=== Work to be completed ===
Without the pictures, reproduce the entries below exactly.
►
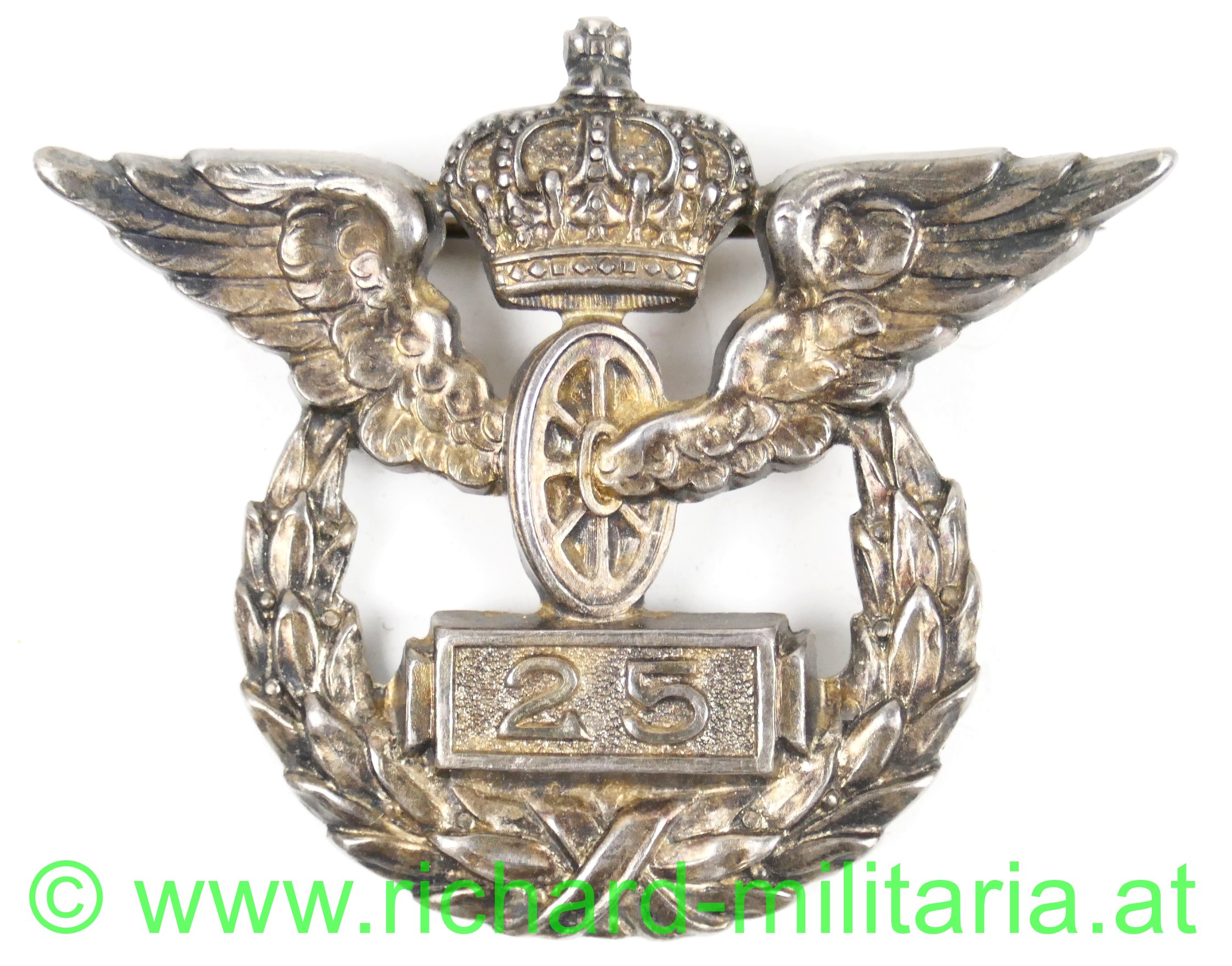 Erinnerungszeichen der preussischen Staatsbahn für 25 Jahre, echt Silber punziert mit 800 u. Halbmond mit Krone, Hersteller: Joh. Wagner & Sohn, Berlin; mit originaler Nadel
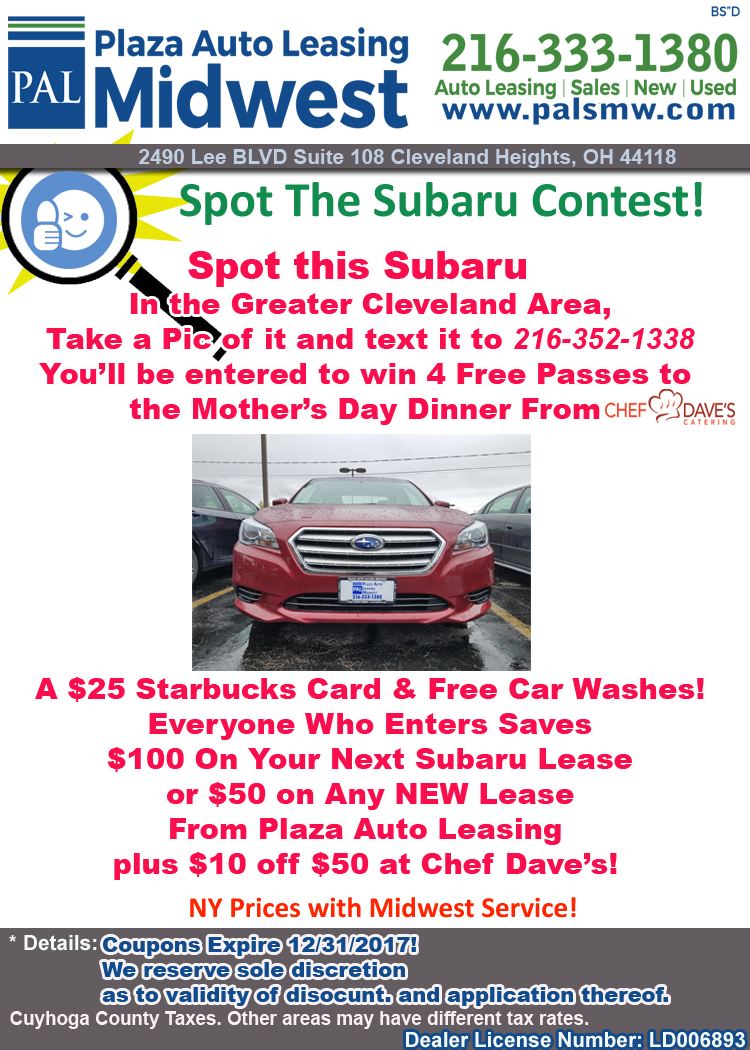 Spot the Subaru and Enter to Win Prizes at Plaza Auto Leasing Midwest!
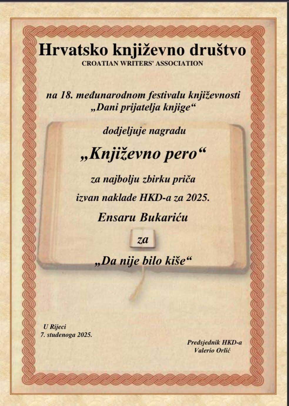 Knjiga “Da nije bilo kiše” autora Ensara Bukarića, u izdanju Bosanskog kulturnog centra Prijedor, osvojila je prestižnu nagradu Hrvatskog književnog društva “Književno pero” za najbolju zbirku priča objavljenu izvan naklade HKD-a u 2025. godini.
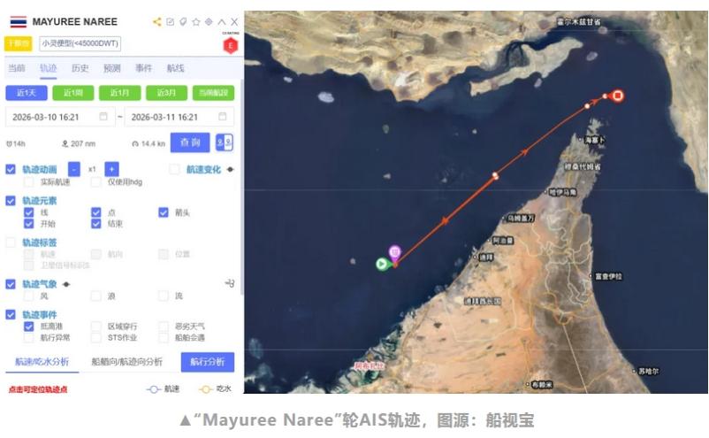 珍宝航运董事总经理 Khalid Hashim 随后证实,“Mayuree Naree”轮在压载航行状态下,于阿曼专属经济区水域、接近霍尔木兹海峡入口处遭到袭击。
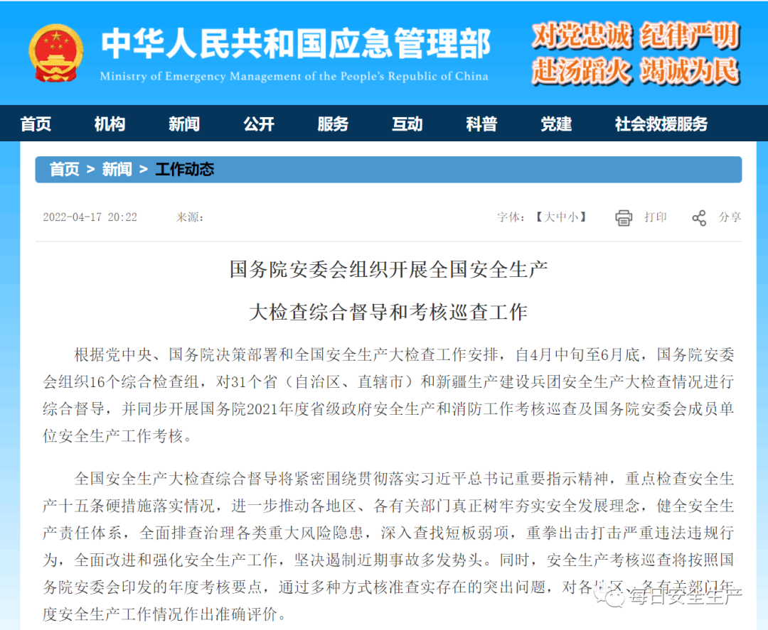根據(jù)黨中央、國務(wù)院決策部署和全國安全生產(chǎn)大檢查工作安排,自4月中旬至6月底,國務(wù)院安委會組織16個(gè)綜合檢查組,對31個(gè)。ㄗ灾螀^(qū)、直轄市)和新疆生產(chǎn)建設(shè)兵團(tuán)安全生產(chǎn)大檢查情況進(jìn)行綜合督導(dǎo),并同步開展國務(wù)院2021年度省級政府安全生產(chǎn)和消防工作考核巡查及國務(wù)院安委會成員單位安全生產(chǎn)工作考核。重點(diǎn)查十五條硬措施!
◄
=== Written response ===
 Erinnerungszeichen der preussischen Staatsbahn für 25 Jahre, echt Silber punziert mit 800 u. Halbmond mit Krone, Hersteller: Joh. Wagner & Sohn, Berlin; mit originaler Nadel
 Spot the Subaru and Enter to Win Prizes at Plaza Auto Leasing Midwest!
 Knjiga “Da nije bilo kiše” autora Ensara Bukarića, u izdanju Bosanskog kulturnog centra Prijedor, osvojila je prestižnu nagradu Hrvatskog književnog društva “Književno pero” za najbolju zbirku priča objavljenu izvan naklade HKD-a u 2025. godini.
 珍宝航运董事总经理 Khalid Hashim 随后证实,“Mayuree Naree”轮在压载航行状态下,于阿曼专属经济区水域、接近霍尔木兹海峡入口处遭到袭击。
根據(jù)黨中央、國務(wù)院決策部署和全國安全生產(chǎn)大檢查工作安排,自4月中旬至6月底,國務(wù)院安委會組織16個(gè)綜合檢查組,對31個(gè)。ㄗ灾螀^(qū)、直轄市)和新疆生產(chǎn)建設(shè)兵團(tuán)安全生產(chǎn)大檢查情況進(jìn)行綜合督導(dǎo),并同步開展國務(wù)院2021年度省級政府安全生產(chǎn)和消防工作考核巡查及國務(wù)院安委會成員單位安全生產(chǎn)工作考核。重點(diǎn)查十五條硬措施!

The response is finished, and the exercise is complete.